ClawSweeper is interesting because it points at a real problem: issue and pull request backlogs get noisy, and maintainers need help separating stale work from things that deserve attention.

The tempting version is also the dangerous one: give an agent a GitHub token, let it read the backlog, and let it comment, close, or mutate state automatically. That may be fine for a disposable repo. It is not where I want the first useful product boundary to live.

The useful product is not an auto-closer. It is a proposal ledger that makes review cheaper without moving authority away from the operator.

The product shape

The version I want is small and boring on purpose. Hermes can snapshot issues and pull requests into a local ledger, classify them with conservative safety gates, ask a model for bounded proposals, and produce a compact report. Nothing is written back to GitHub.

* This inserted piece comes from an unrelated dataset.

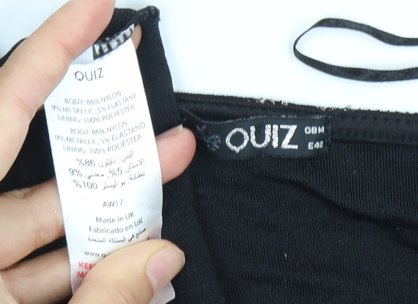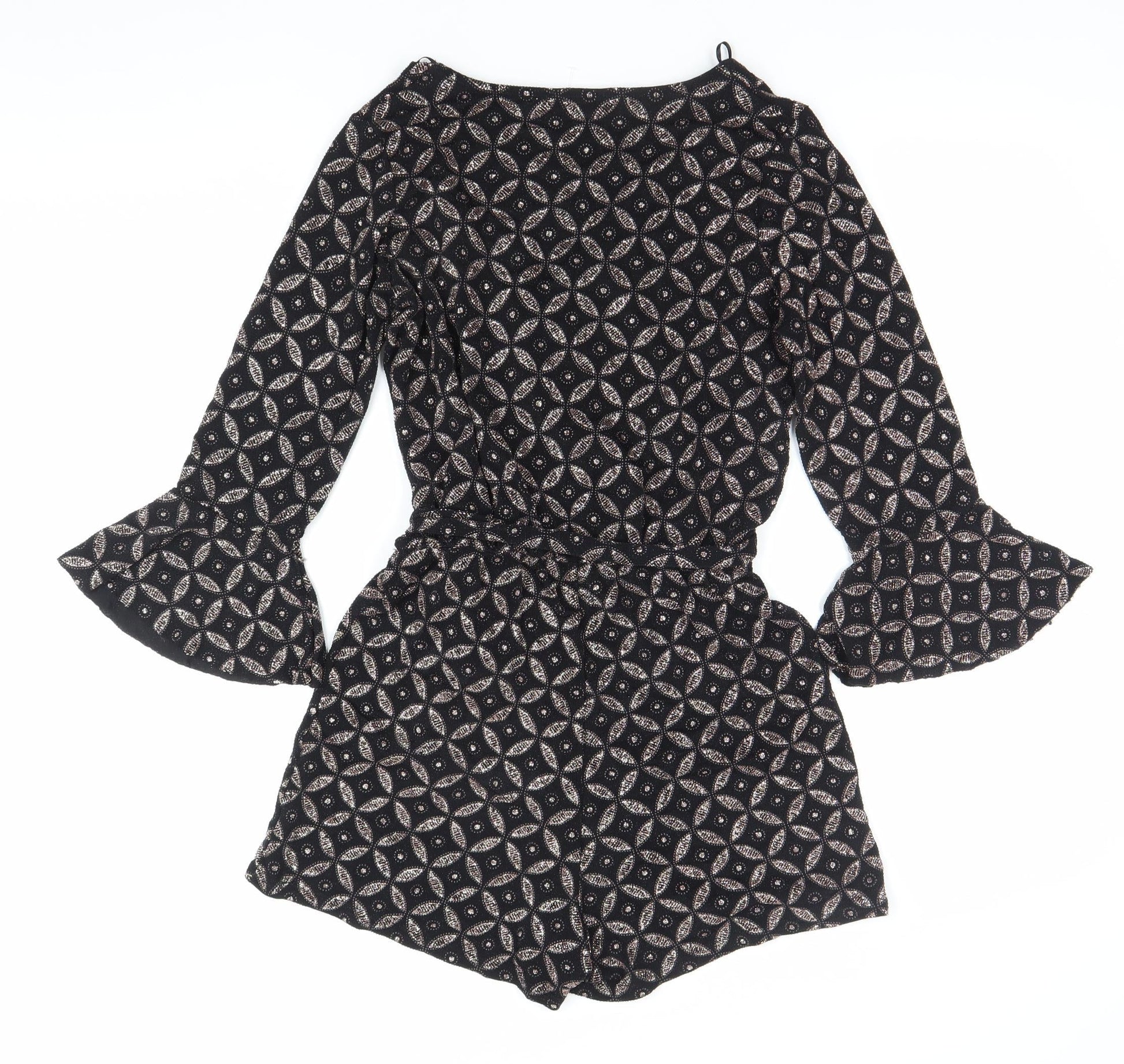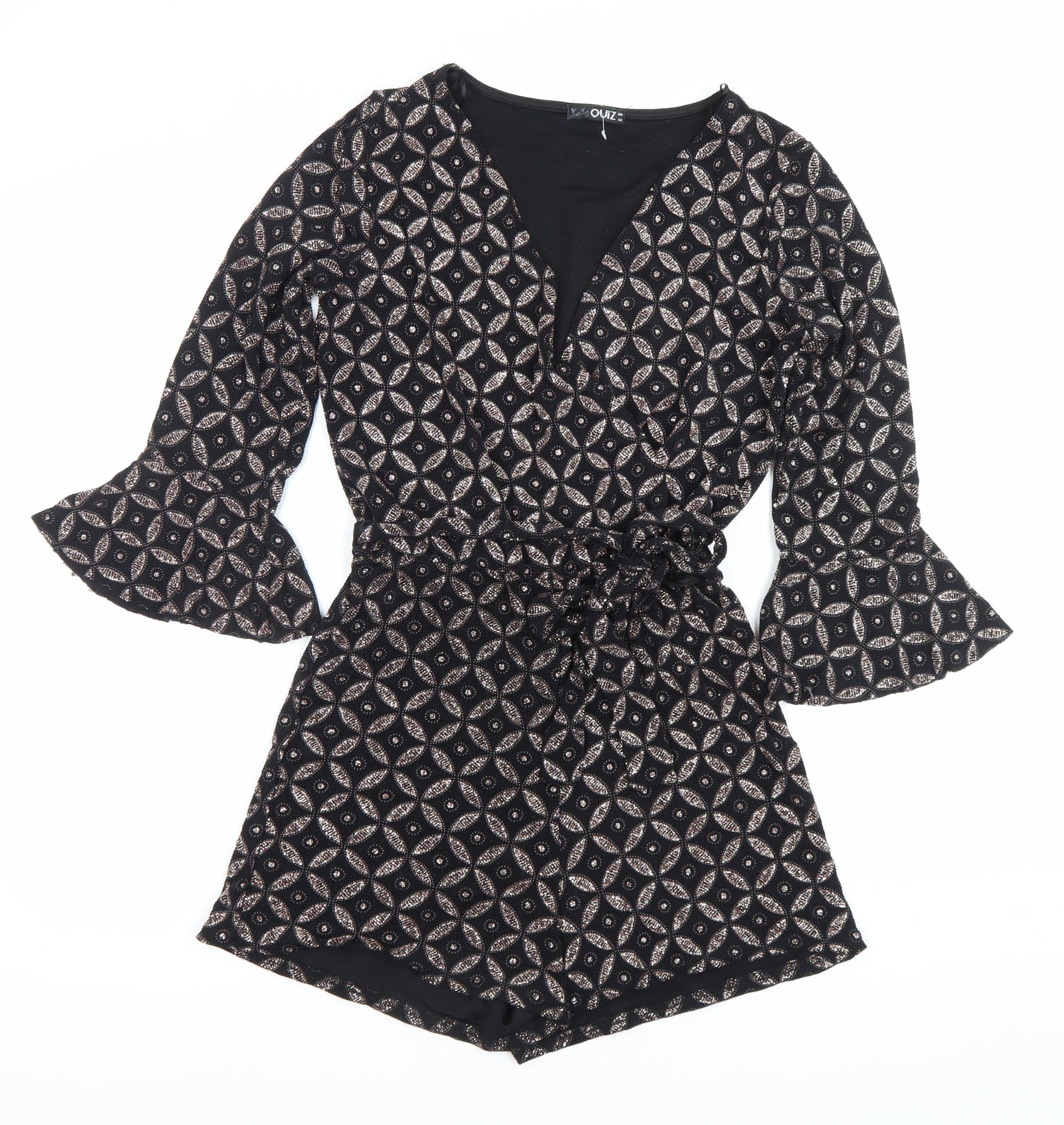 Quiz Women’s Black Metallic Geometric Playsuit Size 14 V-Neck 3/4 Sleeve

That gives the operator a review surface instead of another autonomous system to supervise. The model can help read, summarize, and suggest. The operator still decides what happens.

What made the cut

The first rule is simple: eligible does not mean safe to close. It means eligible for human review.

The workflow

The current operator loop is:

snapshot --include-body --comment-limit N → propose-model --limit N → report

The snapshot step captures the current issue or pull request metadata, body, and bounded recent comments. The proposal step uses a constrained model command with no tools and one turn. The report step gives the operator a compact table with safety status, context availability, proposal decisions, and confidence.

That is enough to answer the useful product question: did this help the operator make a better decision faster?

Why body context mattered

The first model-backed run behaved correctly but conservatively. With only titles and metadata, it mostly said: inspect the issue body before deciding. That was the right answer, but not a very useful product.

Adding bounded body and comment intake changed the quality of the proposals. The model could reference the actual claim in the issue, explain what would need verification, and recommend the next operator step without pretending it had enough evidence to close anything.

The bounded part matters. Long context is not a substitute for a product boundary. Capturing enough evidence to be useful, while marking truncation and preserving hashes, keeps the system reviewable.

What is deliberately missing

There is no GitHub mutation lane yet. No comments. No closes. No merges. No background agent deciding that old work should disappear.

That is not a missing feature. It is the safety architecture doing its job. The system needs a measured baseline first: run it on a few low-risk records, review every proposal, and see whether human agreement is high enough to justify the next layer.

The product lesson

AI automation gets more useful when it becomes more inspectable. The first product should not be an agent that acts like a maintainer. It should be a ledger that gives the maintainer better evidence, clearer proposals, and fewer tabs to juggle.

If that loop proves reliable, an apply lane can be added later with explicit approval, snapshot-hash checks, policy-hash checks, and narrow actions. If it does not prove reliable, nothing important was delegated to it.

That is the direction I like for Hermes: make delegation cheap, keep authority explicit, and let the operator see exactly why the machine suggested what it suggested.